Converging, interconnected issues, including the changing finance landscape, have brought sustainable finance and the Sustainable Development Goals (SDGs) to the fore as a unifying global agenda for countries, companies, investors and civil society to pursue. Following on from the Report by the High Level Expert Group, the European Commission Sustainable finance Action plan and the High level conference in March, the European Bank for Reconstruction and Development (EBRD), ACCA (the Association of Chartered Certified Accountants) and Barclays organised a timely conference to discuss the Action Plan proposals, and the alignment of business strategies and corporate reporting contribution in meeting the SDGs and sustainable finance objectives.
Alexia Latortue, Managing Director, Corporate Strategy, EBRD opened the conference: “There are three specific areas where the EBRD can help support the sustainable finance action plan: the development of a taxonomy; upgrading disclosure rules and making sustainable risks more transparent; as well as the development of the EU Green Bonds Standard.
“The SDGs are much broader than any previous goals and reflect our European and human values. They are comprehensive and represent an ambitious vision. Achieving these goals will require the involvement of the private sector. And not just its money. The agenda also requires the specific skills, the discipline, the creativity, the innovation, the solutions of the private sector. We need serious business propositions and skills of players from all backgrounds”.
Speakers highlighted that the Sustainable Finance Action Plan is an important milestone, which can help trigger further growth and recognition through clear signals. Access to better quality data, a common sustainability language – the taxonomy - and enhanced standards for transparency and accountability standards will improve the functioning of European markets for sustainable investments. But it was stressed that truly ensuring a rapid and well-managed transition to a low-carbon economy will require a broader overhaul of public policies, such as taxes and subsidies on energy, a ‘real’ carbon price integrating all externalities and incentives for industry to move their production and supply chains towards more sustainable models.
All actors - policy makers, regulators, supervisors, private sector and civil society - need to play their part. To make the economy greener and solve global challenges, the involvement and contribution of companies, which play a key role in the energy transition and reporting processes, is crucial.
Participants also heard that sustainability goes hand in hand with transparency. The European Union is working on a step by step process, building on existing initiatives such as the SDGs, national measures, existing non-financial reporting standards, existing voluntary industry transparency and reporting initiatives. Yet, the existing diversity of reporting frameworks can lead to complexity, affecting the coherence and comparability of data. The EC Action Plan item #9 and the EC Fitness Check on corporate reporting aim to address the issue. Some called for a flexible approach based on voluntary initiatives and experimentation, also promoting a good corporate governance culture, but there was also a clear call from others for more binding measures.

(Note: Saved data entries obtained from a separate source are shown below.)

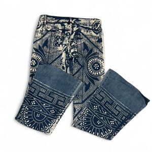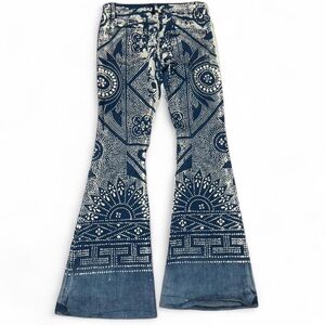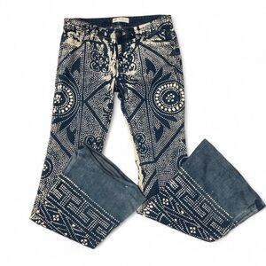 Free People Navy and Cream Printed Flare Jeans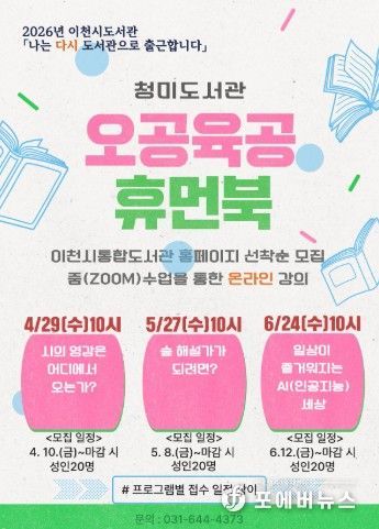 [ 포에버뉴스 김경순 기자 ] 이천시 청미도서관은 이천시 도서관의'나는 다시 도서관으로 출근합니다'와 연계한 '오공육공 휴먼북'을 운영한다. 이번 행사는 은퇴 세대의 풍부한 사회 경험과 전문 지식을 지역사회의 교육 자원으로 활용하고 청소년과 청년과의 소통을 통해 지역 멘토로서의 역할을 확대하고자 기획됐다.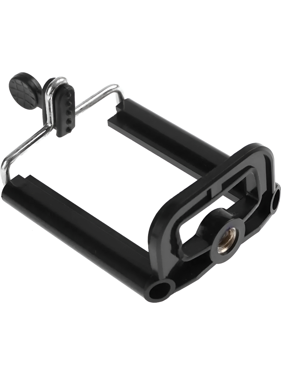 Универсальный держатель для крепления смартфона на любой штатив с резьбой 1/4". Регулируемый зажим надежно фиксируют телефон. Совместим с большинством моделей смартфонов, отлично подойдет для съемки видео, стримов и фотосессий.

Heidi Hautala, MEP, and Vice-President of the European Parliament said: “Responsible business conduct is a prerequisite in achieving the SDGs and the 2030 agenda. If we want to change the world we have to change the rules. The Commission’s Action Plan is a good start. We are getting closer to a tipping point and the time has come for a mandatory due diligence legislation at the European level, that would give all companies a level playing field. I believe we have elements in place for a more sustainable future. We just need to make decisions that are ambitious enough”.
Rhian-Mari Thomas, Managing Director and Chair Barclays Green Banking Council, added: “Green, sustainable finance is the future of finance and bold policy measures, such as those set out in the EU’s Action Plan, will be needed to achieve that transition at pace. In particular, high-quality, actionable data, the lifeblood of the financial markets, needs to enable investors to make informed decisions about the impact of climate change on risks and returns. It is key that policy-makers ensure the swift, widespread and successful implementation of the FSB’s TCFD recommendations by requiring mandatory disclosure on a comply and explain basis”.
It was also recalled that the UN 2030 Agenda and Sustainable Development Goals and the Paris Climate Agreement need each other, and that SDGs are an Integrated Agenda. Sustainability needs moving forward with all 17 goals, with a coherent and holistic approach, not only focusing on climate actions, but concerning equally social and human rights. Reporting is a key tool to provide data on enterprise performance, including in the area of their SDG related activities and impacts, but there is a need to enhance quality and comparability of reporting in this area, its consistency with financial reporting frameworks, and users expectations.
Jimmy Greer, head of sustainability at ACCA and author of Sustainable Development Goals: redefining Context, Risk, and Opportunities concluded: “The challenge of meeting the SDGs by 2030 is immense. A critical factor in the SDGs success will be their mainstreaming as real-world prosperity benchmarks, so that new opportunities can be realised, and that their delivery becomes embedded into business practices through effective monitoring, and balanced reporting on genuine progress towards achieving them. The SDGs are set to be a defining challenge for business, the finance industry and the accountancy profession for the coming years”.